ACTION ITEM:
In your copy of the data, omit the pictures and keep all else exactly as given.

PROVIDED DATA:

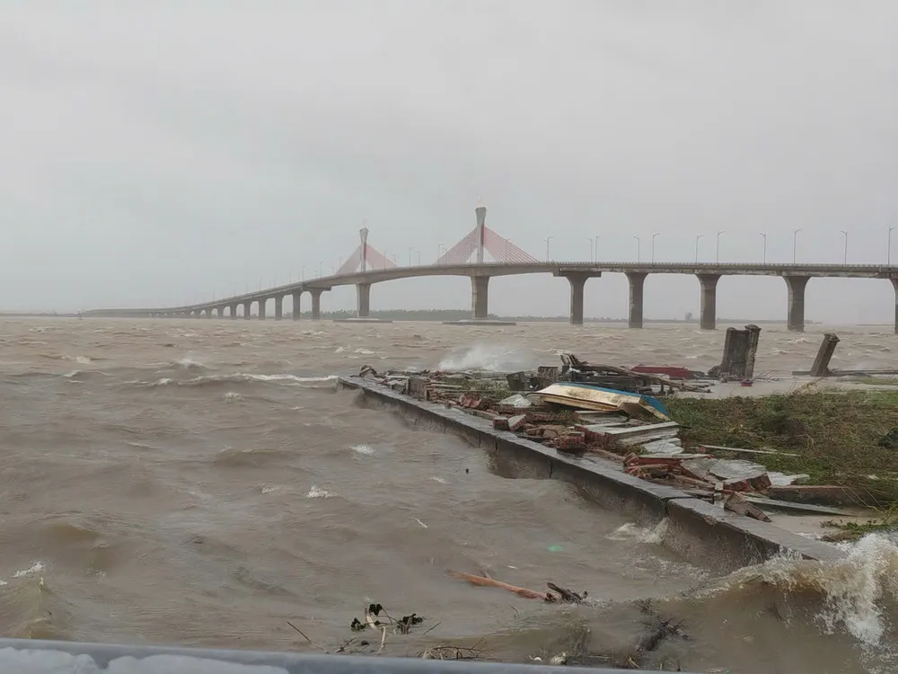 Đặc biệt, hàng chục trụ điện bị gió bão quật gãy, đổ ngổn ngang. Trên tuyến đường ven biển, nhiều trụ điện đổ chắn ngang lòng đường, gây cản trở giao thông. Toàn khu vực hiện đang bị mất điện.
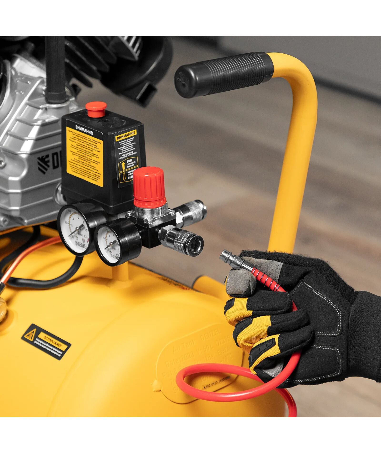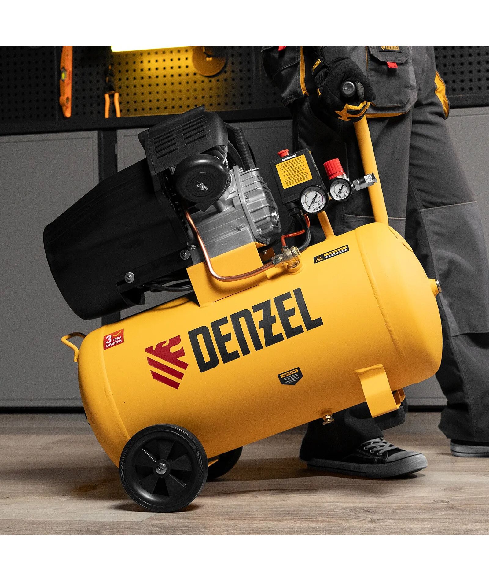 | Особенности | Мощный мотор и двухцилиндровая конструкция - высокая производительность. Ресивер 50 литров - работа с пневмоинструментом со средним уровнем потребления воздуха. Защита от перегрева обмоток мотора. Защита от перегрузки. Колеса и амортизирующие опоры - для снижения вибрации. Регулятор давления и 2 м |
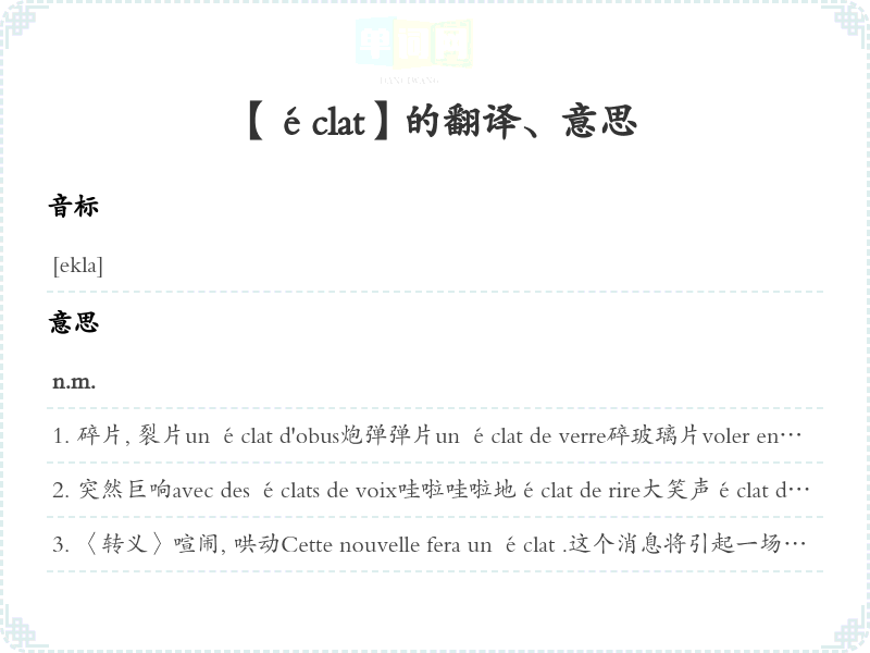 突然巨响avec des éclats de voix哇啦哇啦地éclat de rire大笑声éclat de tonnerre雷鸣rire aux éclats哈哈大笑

RESULT BELOW:
 Đặc biệt, hàng chục trụ điện bị gió bão quật gãy, đổ ngổn ngang. Trên tuyến đường ven biển, nhiều trụ điện đổ chắn ngang lòng đường, gây cản trở giao thông. Toàn khu vực hiện đang bị mất điện.
 | Особенности | Мощный мотор и двухцилиндровая конструкция - высокая производительность. Ресивер 50 литров - работа с пневмоинструментом со средним уровнем потребления воздуха. Защита от перегрева обмоток мотора. Защита от перегрузки. Колеса и амортизирующие опоры - для снижения вибрации. Регулятор давления и 2 м |
 突然巨响avec des éclats de voix哇啦哇啦地éclat de rire大笑声éclat de tonnerre雷鸣rire aux éclats哈哈大笑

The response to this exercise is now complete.